If this confuses you or you don’t know where to start, talk to your COACH!

It is our job to tailor the workout to your current fitness level with the goal of helping you achieve the proper stimulus of the workout safely each and every time you come into class, and to have a smile on your face while you do it ;).

Common Questions About Prescribed Weights:

Where do the RX’d weights come from?

At Joust, the prescribed weight is programmed for the top 5-10% fittest athletes in the gym, not the top 1% like other gyms or programs. We should be constantly scaling up slightly as well as down from the RX’d workout to hit our proper stimulus for each workout. We start high with the prescribed weight/movements because it gives us a better long term goal to improve our fitness as a whole while also making it easier to scale back rather than up in most workouts. Wouldn’t you rather strive to be closer to the top 5-10% of your peers as opposed to the other end of the spectrum? We want to move forward, not backward with our health and fitness. The weights for each workout are determined by yours truly with a crazy algorithm being considered of what the stimulus goal of the workout should be (short, middle or long duration) (predominant energy systems worked in the workout, anaerobic phosphagen, anaerobic glycolytic or aerobic) (light, moderate or heavy loads) (low, medium or high volume repetitions) (level of pukiness I want you to achieve in the workout/how uncomfortable I want you to get).

What’s up with the two different weights for men and women?

Women’s RX is 30% less than men’s RX for physiological reasons. Women have less testosterone and muscle mass than the male counterpart so the RX weights need to reflect this physiological difference.

I can’t do RX workouts, is that a bad thing?

Absolutely not! Your time at Joust is a journey, not a sprint. For some it may take months to get closer to RX weights, for others it may take years or more, and that’s ok. We really don’t care if you ever get to RX’d workouts, just as long as you are working hard and striving to be a little better than yesterday. We are all our own unique snowflakes on our own unique fitness journey. Your main goal is not to necessarily reach RX weights or movements but to constantly inch closer to slightly more weight, tougher movements and workouts in a never ending pursuit of being better than yesterday. Just make sure you’re avoiding complacency and taking baby steps towards making workouts challenging each and every time you come to the gym and you’ll be on the right track.

What’s the best way to work towards doing workouts Rx’d?

Slow and steady wins the race. An extra 2.5lbs plate on the barbell goes a long way. Ensure you are maintaining quality range of motion and technique each time that you add weight or difficulty to a movement. Some workouts provide better opportunities to push closer to RX than others. Don’t be afraid to add weight or difficulty to a movement for some of the workout and then scale back if you start to lose sight of the intended workout stimulus (our coaches will help you with this). Remember, scaling is a moving target, we should always be scaling, it is not a crime!

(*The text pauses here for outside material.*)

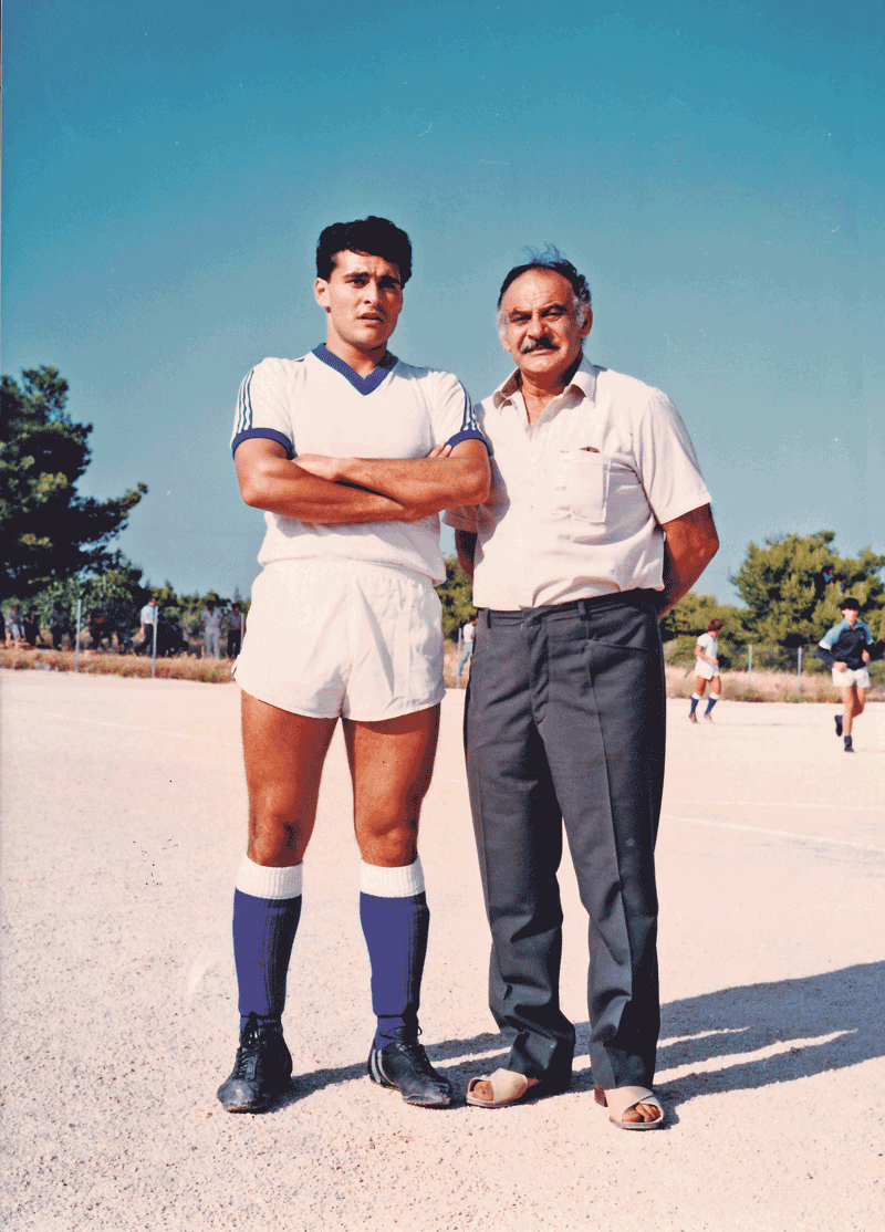 Μεγάλωσε μέσα στα γήπεδα, μια και ο πατέρας του Κυριάκος αγωνιζόταν στον Εθνικό Νέας Μάκρης και μάλιστα προ μηνός, στα 91 του, βραβεύτηκε ως ο ένας από τους τέσσερις παλαιότερους εν ζωή παίκτες της ιστορικής αυτής ομάδας.

If there is a specific movement that you feel you need more help and attention with then working 1-on-1 with a Coach could get you closer to that goal faster. We’ll assess where you are with that movement, what the next steps are to get you closer to that goal as well as prescribing specific homework to achieve said goal in a timely manner.

When should I NOT RX a workout?

1. When range of motion is lost and/or quality of technique is reduced.

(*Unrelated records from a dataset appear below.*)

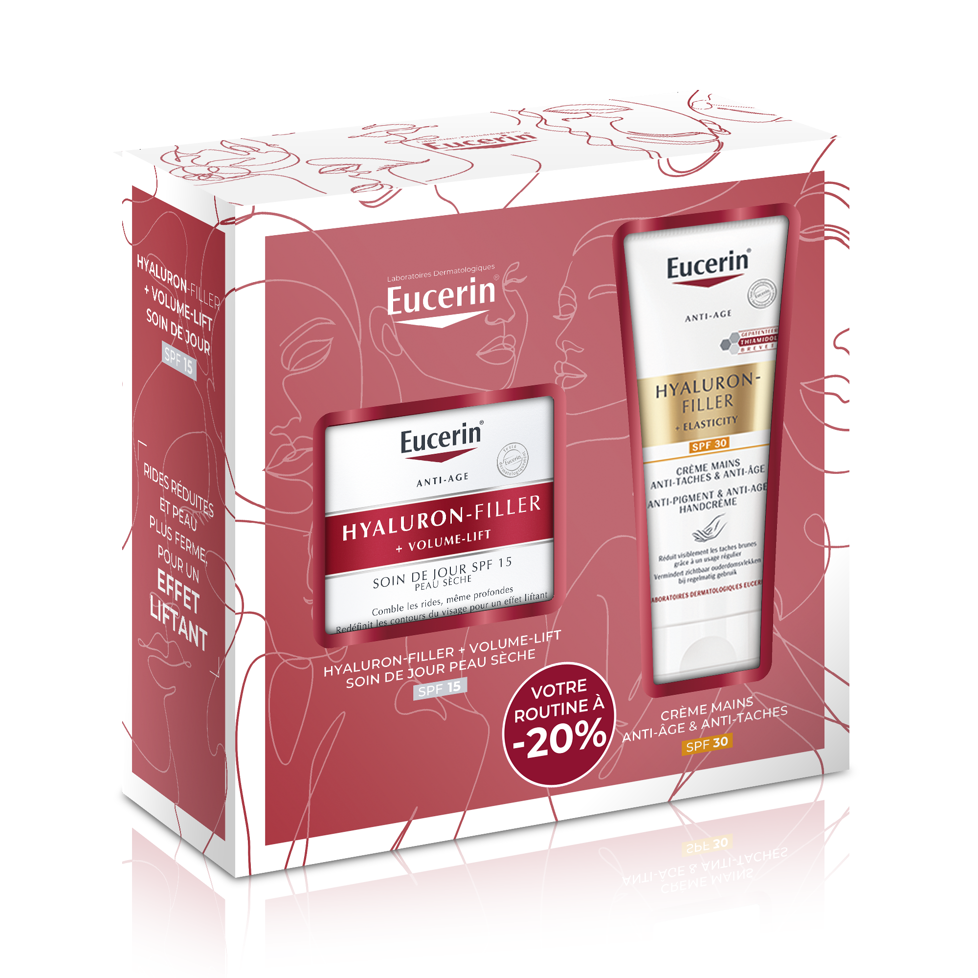 Le Coffret Eucerin Anti-Âge Kit Routine Volume Lift Peau Sèche offre une solution complète pour lutter contre les signes de l'âge et redonner du volume à la peau. Il comprend : 1. Crème Jour Hyaluron Filler Volume Lift SPF15 (50 ml): Avec l’âge, la peau perd de son volume et de sa fermeté. Les contours du visage se relâchent et les traits du visage changent visiblement. Hyaluron-Filler + Volume-Lift d'Eucerin combine 3 ingrédients actifs pour cibler spécifiquement les différentes couches de l’épiderme : 1. Le Magnolol stimule efficacement le développement des cellules à l’origine du volume de la peau, en augmentant leur nombre et leur taille.* 2. Les Oligo Peptides stimulent le réseau des fibres de collagène responsable de la structure ferme de la peau.* 3. La formule, qui contient de l’Acide Hyaluronique, hydrate intensément la peau et comble les rides, même profondes. La protection anti-UVB (SPF 15) et anti-UVA protège efficacement des signes de vieillissement cutané prématuré et de l’accentuation des rides provoqués par les UV. Résultats : Les contours du visage apparaissent plus fermes et les rides réduites, pour un effet liftant. Avec son parfum agréable, la formule de soin intense procure une sensation de douceur à la peau. Des études cliniques et dermatologiques le prouvent : bonnes tolérance cutanée et efficacité 2. Crème Mains Anti-Taches & Anti-Âge HYALURON-FILLER + ELASTICITY (75 ml): Cette crème possède une formule unique qui offre de multiples bienfaits anti-âge. Elle contient de l’Acide Hyaluronique de haut et bas poids moléculaire, qui hydrate la peau et stimule la production d’Acide Hyaluronique, ainsi que de l'Arctiine, un actif reconnu pour accélérer le renouvellement du collagène dans les cellules de la peau. Elle contient également du Thiamidol*, un ingrédient efficace et breveté qui agit à la racine de l'hyperpigmentation en réduisant la production de mélanine. Il est cliniquement et dermatologiquement prouvé qu'il réduit les taches brunes et prévient leur réapparition. Les premiers résultats sont visibles après 2 semaines** et s'améliorent continuellement avec une utilisation régulière. La protection SPF 30 offre une protection efficace contre le soleil et prévient la formation de futures taches brunes et le vieillissement cutané induit par le soleil. Les taches de vieillesse sur les mains sont visiblement réduites, et la peau paraît uniforme et éclatante. Ce coffret assure une routine de soin efficace pour une peau visiblement plus jeune et des mains revitalisées. Résultats visibles dès deux semaines. *Test in vitro *Thiamidol breveté (EP 2 758 381 B1) FR, BE, NL.
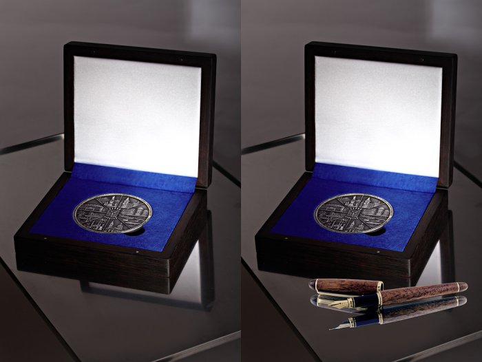 генеральному директору, и любому другому впечатление на любого, даже искушенного человека. Серебро сияет ярким тяжелая, что ее трудно в ложемент футляра, покрытый ярко-синим, швейцарским флоком, который красиво переливается из бронзы или бизнес – партнеру. внушительный вес. Отличается своей оригинальностью. Производит на людей крышки.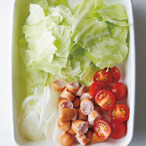 たまねぎは縦に薄切りにし、ミニトマトはヘタを除いて縦半分に切る。キャベツとソーセージは食べやすい大きさに手でちぎる。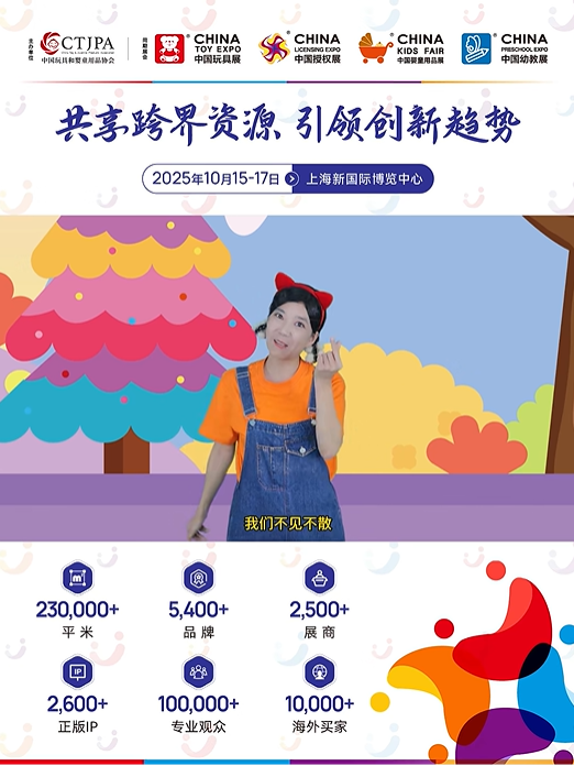 2025年10月15日至17日,由中国玩具和婴童用品协会(简称中国玩协)主办的CTE中国玩具展&潮玩展、CLE中国授权展、CKE中国婴童用品展、CPE中国幼教展(简称中国玩协四展)将于上海新国际博览中心举办。届时将同步举办第二十届全球品牌授权趋势大会、第七届CTE全球潮流和收藏玩具趋势大会暨2026潮流新品发布会、2025出海趋势大会、2025CTE企业首发新品发布会等超200场会议活动。此次展会将汇集全球41个国家和地区以及30大玩具、婴童用品主产区2629家展商携5426个品牌、2600+全球正版IP参展。

2. When you are not on track to reach the proper stimulus (goal) of the workout.

3. When Joe or Jill do RX’d and you feel pressure or an inner ego telling you to do the same weight or movement as them. Comparing yourself to others will only set you back further in the long term.

4. When you are coming back from an injury, sickness or hiatus from the gym.

5. When your coach tells you NOT TODAY (it’s because we care).

 

Remember, scaling is a moving target, we should always be scaling, it is not a crime!